For co-formulants, it proposes that applications should be rejected if the product contains co-formulants that:
- have never been assessed by the Member State of introduction in the context of a product approval;
- lead to a worse classification according to the globally harmonised system ("GHS") in view of safety or toxicity; or
- contain quantitative variations that account for more than 10% of the formulation.
With regard to the latter point, the Commission acknowledges that Member States will require criteria for qualitative and quantitative variations, otherwise they may fail to meet the 45-day decision deadline.
The guidance puts forward two categories of co-formulants and a range of permitted deviations from the declared content. Category 1 is for “significant” co-formulants that are essential for the functioning, safety or stability of the product. Any variations should only be within the small margins suggested. Category 2 covers substances such as inert fillers and some dyes and odorants, for which Member States may be more flexible over changes.
Repackaging
The guidance states that applications should always include information on the size, material and form of packaging, even if there is no repackaging.
According to the Commission guidance document, Regulation 1107/2009 does not prohibit repackaging but, “this is a crucial step in the parallel trade of plant protection products that usually creates the most concerns for Member States”. This particularly relates to efforts to ensure that products repacked in third countries are excluded from the system.

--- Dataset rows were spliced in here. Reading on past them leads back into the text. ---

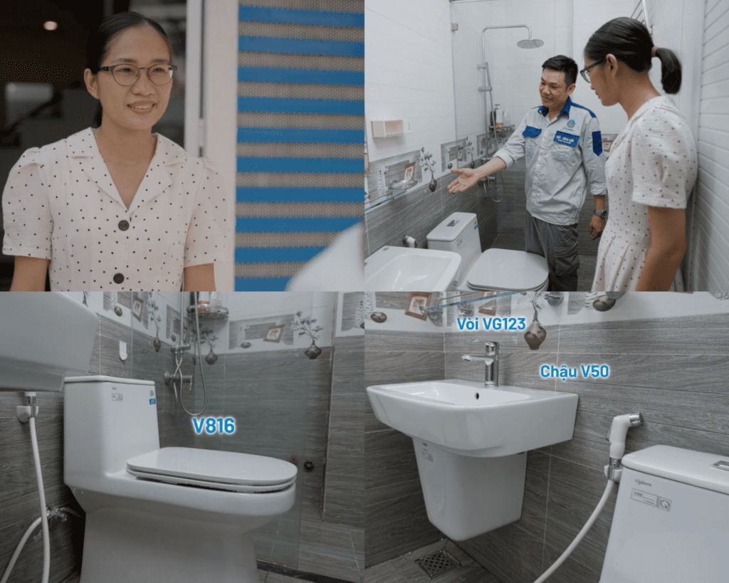 Viglacera chọn thay thế cho chị bộ sản phẩm mới: Bàn cầu một khối V816, chậu rửa V50 và vòi nước VG123. Chị Hải vui mừng chia sẻ: “Bộ sản phẩm này rất phù hợp với không gian phòng tắm nói riêng và không gian sống của gia đình nói chung.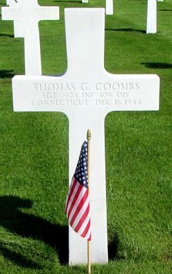 Sgt Thomas G. Coombs graduated from East Hartford High School and was employed at the New Britain Machine Company.He enlisted in Hartford, Connecticut on 8 March 1943 and was sent overseas in October, 1944.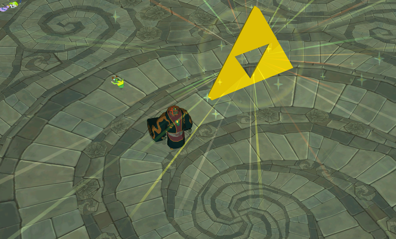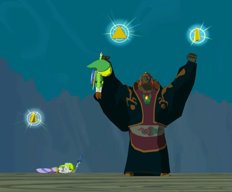 Zelda, Link and possibly Ganondorf are not turned to spirits by the Twilight just as Midna, once she receives Zelda's Triforce, does not have to transform into a shadow in the Light World, signifying that their Triforce pieces protect them.[54] It is worth noting that when Link thrusts the Master Sword into Ganon's chest at the end of the game, Ganon's Triforce of Power stops glowing on his hand.
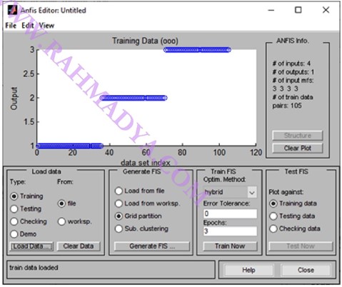 Pastikan training data muncul dengan tiga kelas sesuai dengan data (kelas 1, 2 dan 3). Berikutnya “Generate FIS” diklik untuk meramu FIS yang masih kosong.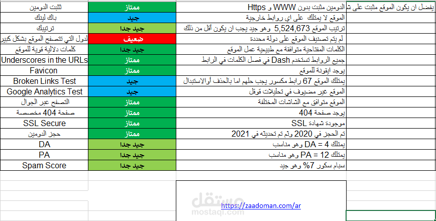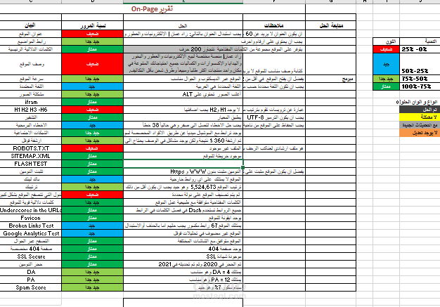 تقرير تفصيلي يشتمل على on / off page SEO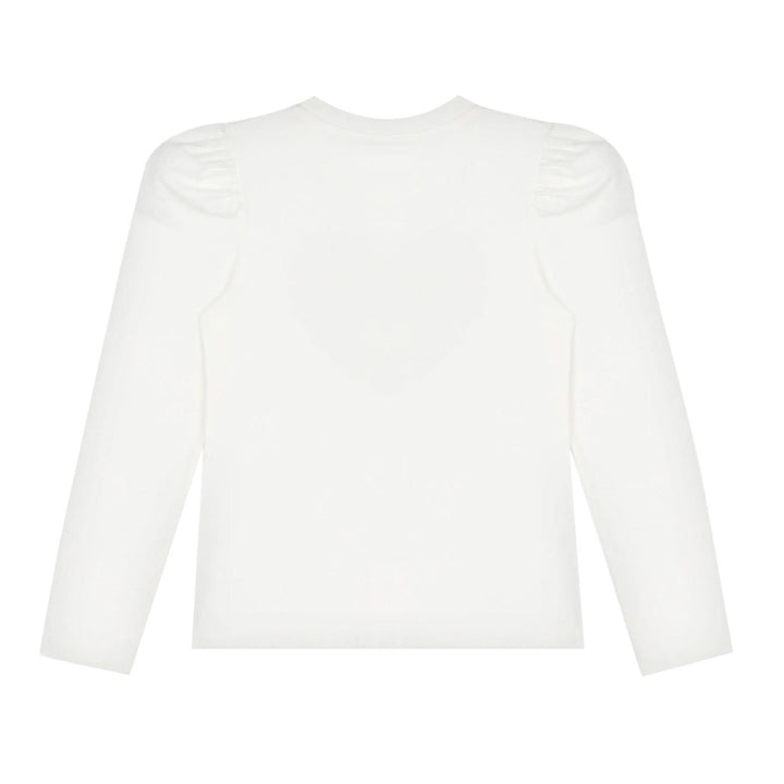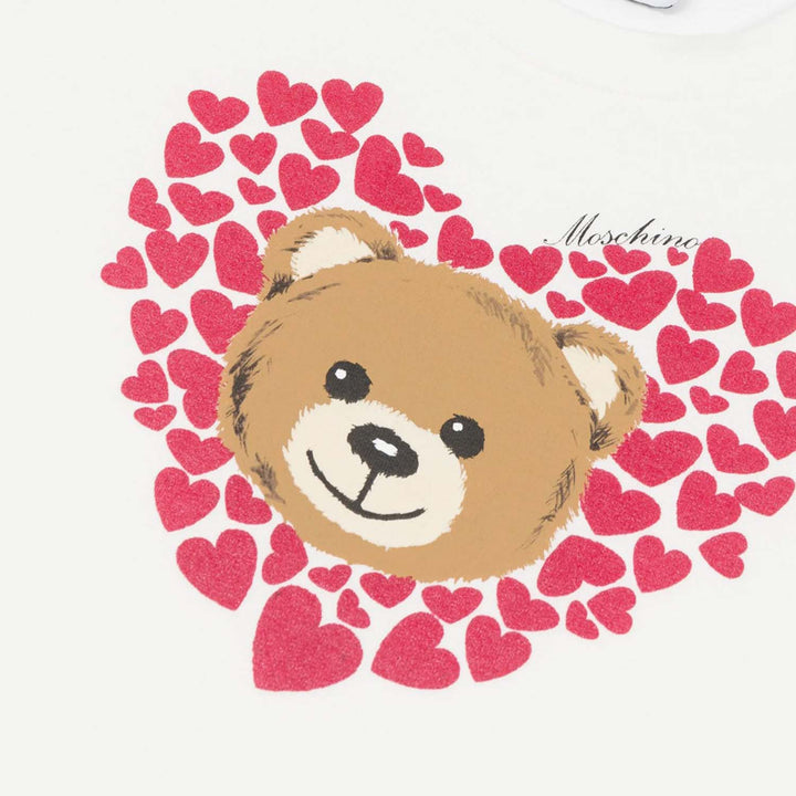 Cute ivory top for girls from Italian designer, Moschino Kid-Teen. Made in soft and comfortable cotton jersey, it is printed on the front with the Moschino Teddy Bear logo, together with a lovely red heart motif. For a stylish finish to this casual w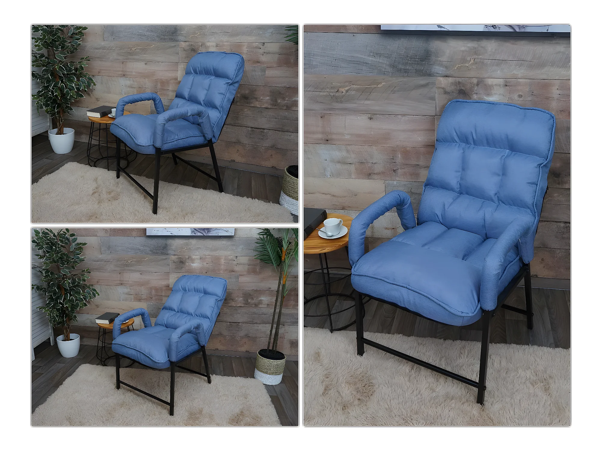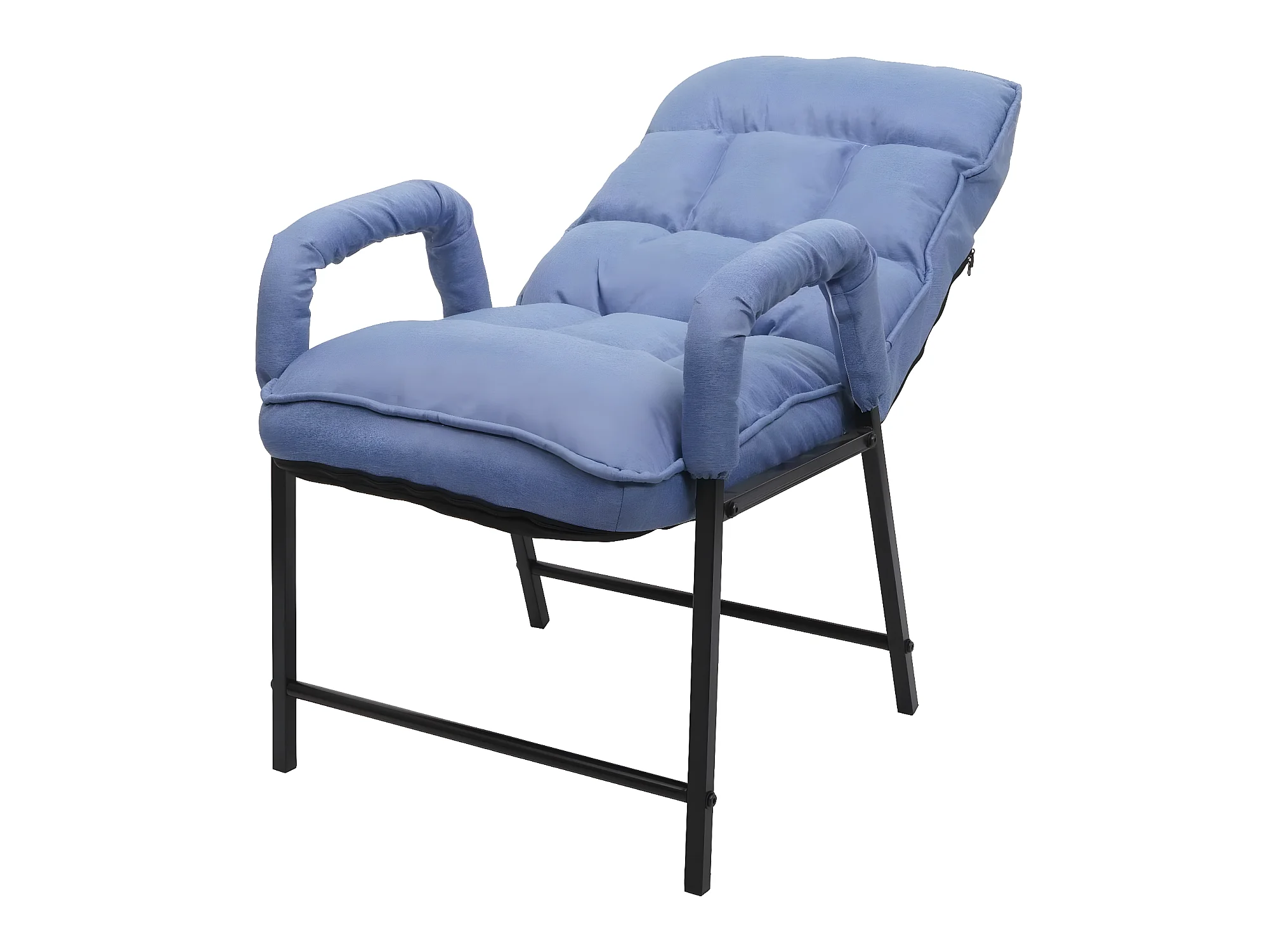 Sedia poltrona imbottita relax regolabile MCW-K40 metallo tessuto blu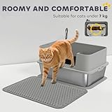 PawHut Stainless Steel Litter Box, High Sided Cat Litter Tray with Metal Scoop, Mat, Never Absorbs Odors, Anti Leakage & Easy to Clean, Pet Toilet for Big Cats, Grey
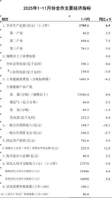 2025年1-11月份全市主要经济指标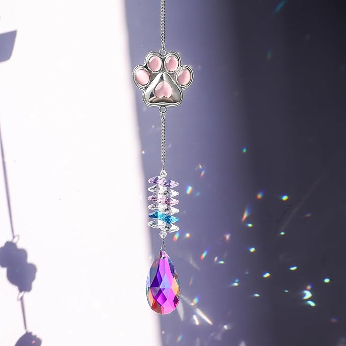 - High Quality Crystal SunCatcher:This suncatcher features a high-refractive K9 crystal pendant and high-quality metal design.The dog paw print and heart-shaped pendant symbolize your endless miss and deep love for your pet.The crystal is intricately cut and polished to create a stunning prism effect that radiates light and color in all directions.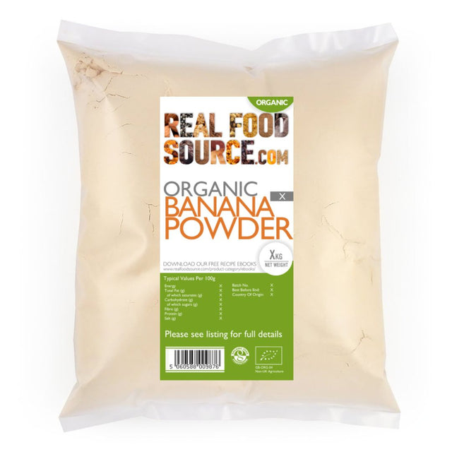 Our excellent organic dried banana powder. Vine-ripened bananas are dried to create a delicious versatile powder. Nothing is added just 100% Organic Banana.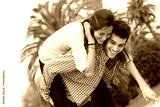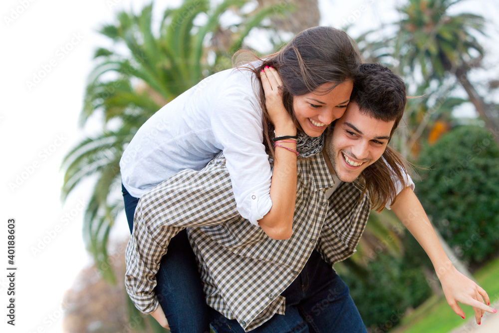 Cute girl piggybacking on boyfriend.
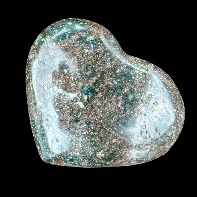 Ocean Jasper heart 176g in sunlight - Rocks and Things Store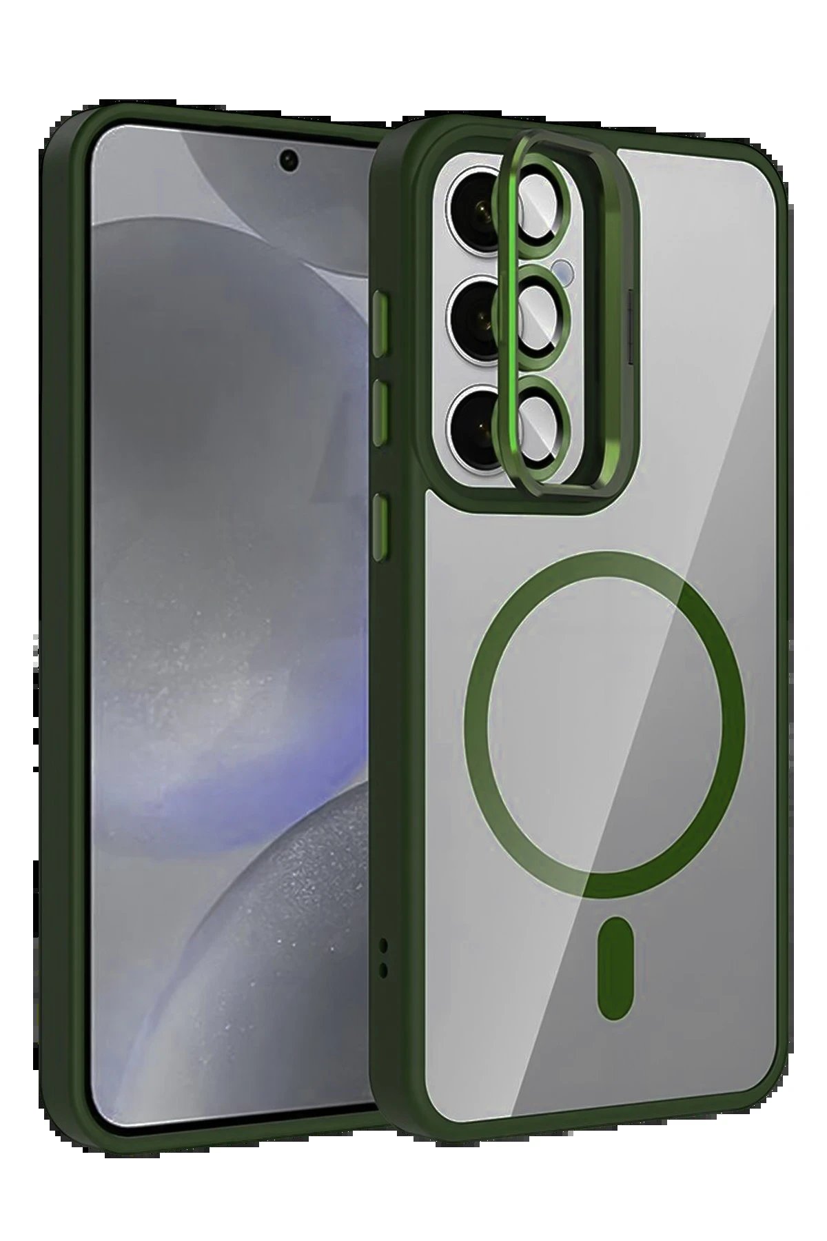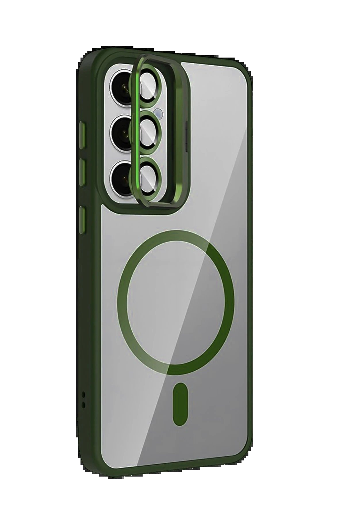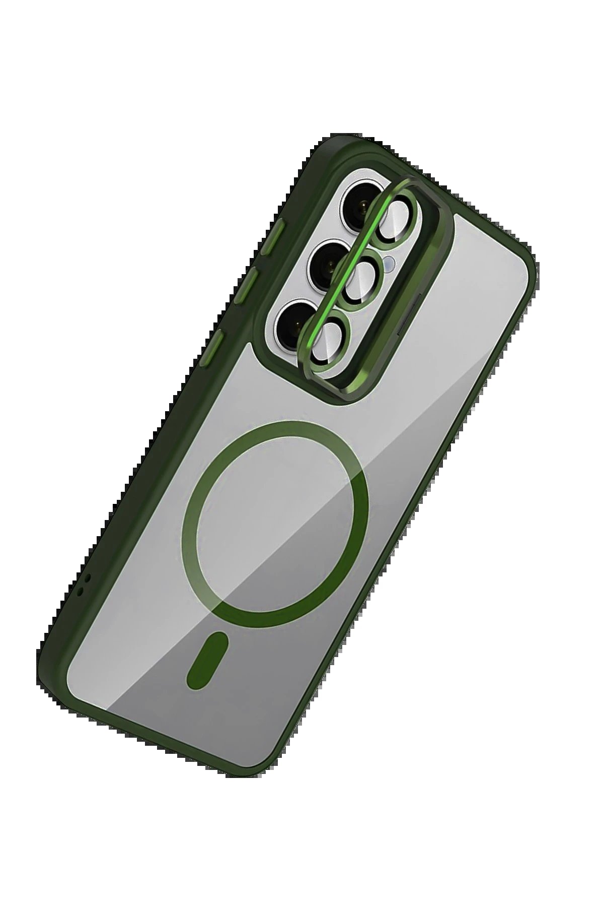 Samsung Galaxy S25 Remim Lensli Magsafe Standlı Kapak – Koyu Yeşil-(5796)

Parallel traders must provide the exact location of the repackaging plant to the Member State of introduction, “once this information is available to them and well before re-packaging actually takes place”. A change in location at a later stage should be reflected on the label and notified to the Member State.
Packaging sizes should follow the same rules as for approvals, namely that the size, or range of sizes, should be the same as stated on the authorisation certificate. Similarly, it will be assumed that a packaging material and form is equivalent if it is one of the materials and forms tested and approved for the reference product.
Transitional Measures
Under the transitional measures provisions, existing permits will remain valid. However, their renewal will require a complete set of documents to be submitted for assessment under the new rules.